Продолжая игру в мнения, она поспешила к Лужину. За время его неудачного отъезда успели сдать его комнату, и он был помещен в другую, повыше. Он сидел, облокотившись о стол, как будто пораженный горем, и в пепельнице мучительно дымилась недобитая папироса. На столе и на полу рассыпаны были листки, исписанные карандашом. Ей показалось мельком, что это счета, и она удивилась их количеству. Ветер, дувший в открытое окно, рванулся, когда она открыла дверь, и Лужин, выйдя из раздумья, поднял с полу листки, аккуратно сложил их, улыбаясь ей и моргая. «Ну что?

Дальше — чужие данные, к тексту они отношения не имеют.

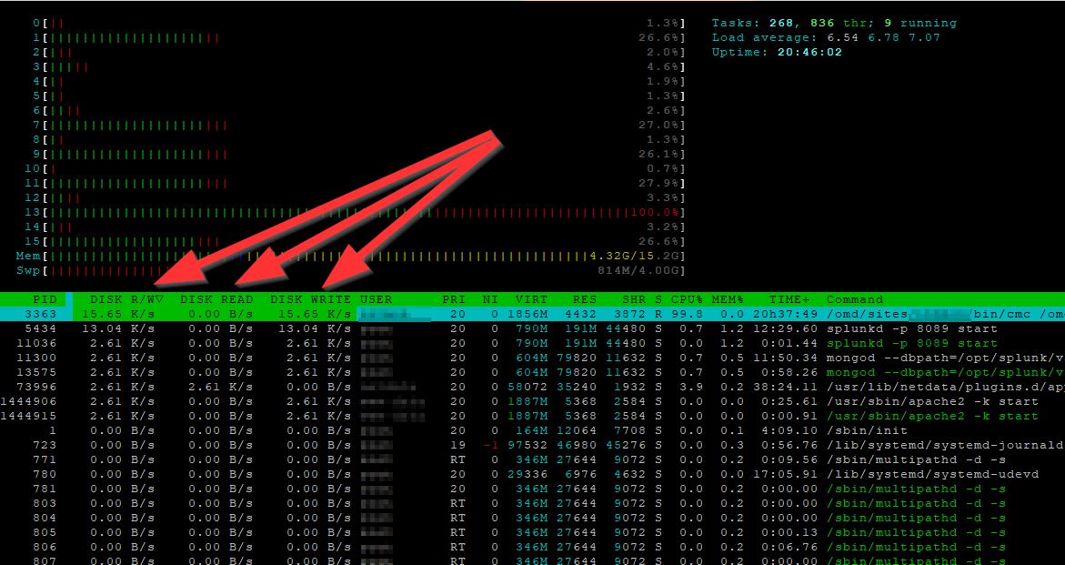 htop mit IO Daten
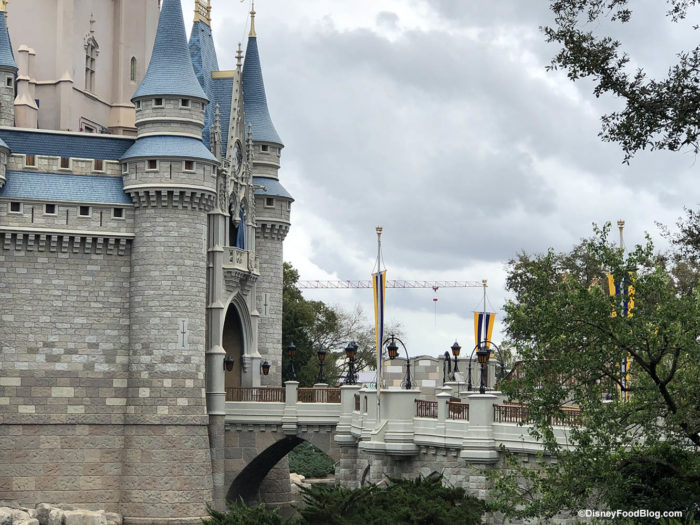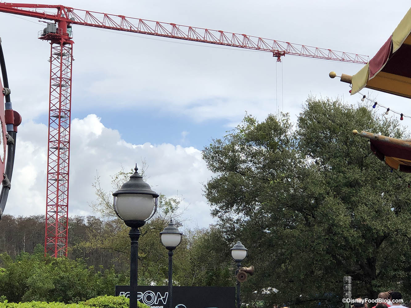 That tall red crane on the Tron construction site even popped up in our pictures taken in the hub of the park by Cinderella Castle.
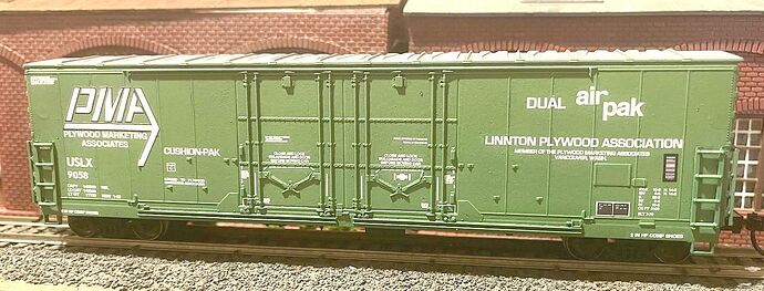 Next per a couple of posts in the MFCL this car was pointed out and I found there was a decal for it so I took one of my old Details West Blue Island Reefer kits (although 2’short) and replaced their coupler pocket with a Moloco one for maintenance purposes then painted the car with Floquiil Platinum Mist and Light Green paints and decals from CMR Products. This car was used to haul lumber products from the Pacific Northwest all over the country.

Как?» — спросила она. «Оформится во время игры, — сказал Лужин. — Просто-напросто намечаю некоторые возможности». У нее было чувство, что она ошиблась дверью, попала не туда, куда метила, но в этом неожиданном мире было хорошо, и не хотелось переходить в тот, где играют в мнения. Но вместо того, чтобы продолжать говорить о шахматах, Лужин, подъехав к ней вместе со стулом, взял ее за талию трясущимися от нежности руками и, не зная, что предпринять, попытался ее посадить к себе на колени. Она уперлась ему в плечи, отстраняя лицо, будто глядит на листки. «Это что?» — спросила она. «Ничего, ничего, — сказал Лужин, — запись различных партий». «Пустите», — попросила она тонким голосом. «Запись различных партий, запись…» — повторял Лужин, прижимая ее к себе и прищуренными глазами глядя снизу вверх на ее шею. Лицо его вдруг исказилось, глаза на миг потеряли выражение; потом черты его как-то обмякли, руки разжались сами собой, и она отошла от него, сердясь, не совсем точно зная, почему сердится, и удивленная тем, что он ее отпустил. Лужин откашлялся, жадно закурил, с непонятным лукавством следя за ней. «Я жалею, что пришла, — сказала она. — Во-первых, я вам помешала в работе…» «Ничуть», — с неожиданной веселостью ответил Лужин и хлопнул себя по коленкам.

«Во-вторых, я собственно хотела узнать ваши впечатления». «Дама большого света, — сказал Лужин, — это сразу видно».

«Послушайте, — воскликнула она, продолжая сердиться, — вы где-нибудь воспитывались? Вы где-нибудь учились? Вы вообще встречались когда-нибудь с людьми, говорили с людьми?»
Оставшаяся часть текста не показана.